-- Exercise data follows --

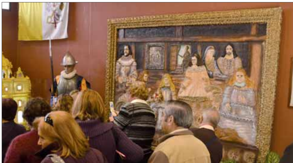
Los visitantes contemplan asombrados la magnitud de Las Meninas en azúcar
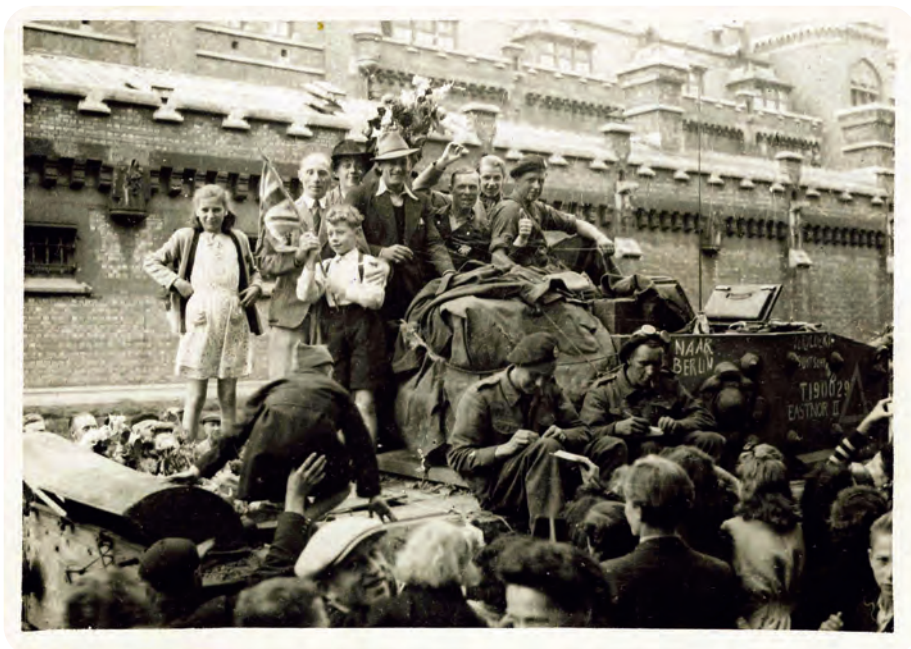
Afb. 14. Enthousiaste Gentenaars verwelkomen hun Britse bevrijders aan de Leopold kazerne.

Als ik me goed herinner vertrokken op donderdagnamiddag 31 augustus 1944 (en geen school) de Grijs Muizen die logeerden aan de Charles de Kerkhovelaan met pak en zak. De volgende dag 1 september '44, een vrijdag, doorkruisten meer en meer konvoien Duitse soldaten de stad. Blijkbaar de achterhoede. Toen was het meisjesatheneum al een tijdje ontruimd.
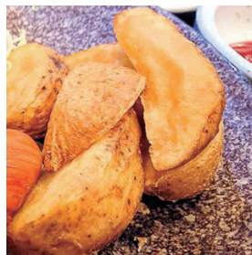
もちろん国産! ホクホク! ポテトフライ 170円

-- Exercise data concluded --

_Your instructions:_ Apart from the pictures, all of the data should be repeated exactly.

_Output below:_
Los visitantes contemplan asombrados la magnitud de Las Meninas en azúcar
Afb. 14. Enthousiaste Gentenaars verwelkomen hun Britse bevrijders aan de Leopold kazerne.

Als ik me goed herinner vertrokken op donderdagnamiddag 31 augustus 1944 (en geen school) de Grijs Muizen die logeerden aan de Charles de Kerkhovelaan met pak en zak. De volgende dag 1 september '44, een vrijdag, doorkruisten meer en meer konvoien Duitse soldaten de stad. Blijkbaar de achterhoede. Toen was het meisjesatheneum al een tijdje ontruimd.
もちろん国産! ホクホク! ポテトフライ 170円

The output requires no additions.